Realizing short-term forecasting of power system workload is the basis for system planning and decision-making, and it is also the key work for grid to achieve safety and economic indicators. Z Lan (2013) proposed thata complex nonlinear relationship between load demand and various influencing load factors. Select and process the factors affecting the load, and fit the intrinsic relationship between the load and various selected factors. Bisoi R, Dash P K and Das P P (2018) proposed that load forecasting work is not only the nature of work, but its implementation is very difficult. For better accuracy of short-term load forecasting, a GRU-CNN hybrid neural network model which combines the gated recurrent unit (GRU) and convolutional neural networks (CNN) was proposed by Wu L (2020). The proposed model was tested in a real-world experiment, and it can make more fully use data and achieve more accurate short-term load forecasting.

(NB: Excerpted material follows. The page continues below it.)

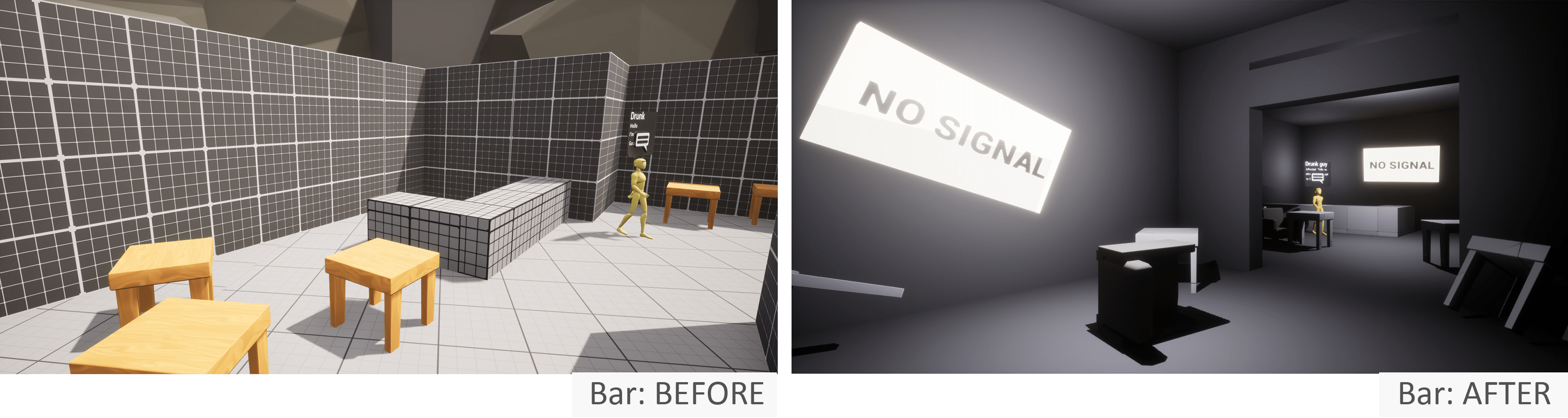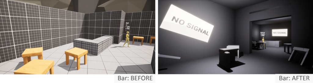- Rebuilt the Bar area with props, lighting, and Blueprints.

Selecting similar days plays an important role in improving the accuracy of load forecasting. The biggest feature of short-term load forecasting is that it has periodicity. When the external factors of the two different days have similar effects on the short-term load, the changes of the load curve for the two days are similar. Dash S K and Patel D (2016) analyzed the effect of objective factors such as time, temperature and daily type on load size reasonably based on the principle of “near large and far small” and “periodicity” of load. The prediction model of the load correction algorithm based on the similar day theory is constructed and improved. Smolen J, Landewé R B, and Mease P (2013) proposed the linear extrapolation method can obtain the trend of future load changes based on the characteristics of the load cycle change. The similar day method is combined with the linear extrapolation method to form a short-term load forecasting algorithm based on the similar linear extrapolation theory. This algorithm can estimate the future load change trend, but the accuracy of load forecast is easily affected by the drastic changes of external factors.

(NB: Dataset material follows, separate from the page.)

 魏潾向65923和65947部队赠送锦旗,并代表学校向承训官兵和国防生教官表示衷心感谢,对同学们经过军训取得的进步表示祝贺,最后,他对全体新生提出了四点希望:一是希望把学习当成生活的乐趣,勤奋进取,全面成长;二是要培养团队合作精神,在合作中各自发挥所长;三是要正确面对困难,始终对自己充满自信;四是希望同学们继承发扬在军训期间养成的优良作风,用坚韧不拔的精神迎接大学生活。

Selakov A, Cvijetinović D, and Milović L (2014) a hybrid model of short-term power load forecasting based on particle swarm optimization (PSO) and support vector machine (SVM). The effect of predicting the load over a significant period of temperature change is better. Tharwat A, Hassanien A E, Elnaghi B E (2017) and Liu Y, Wen K, Gao Q, et al (2018) proposed that Support vector machine is a machine learning algorithm based on structural risk, which has better generalization performance and prediction accuracy. Compared with support vector machines, fuzzy support vector machines is proposed by Zarbakhsh P, Demirel H (2017) and Lakshmi G, Panicker J R, Meera M (2017) that can use different learning intensities for different training samples. Therefore, the fuzzy support vector machine is used for load forecasting, which is more in line with the reality.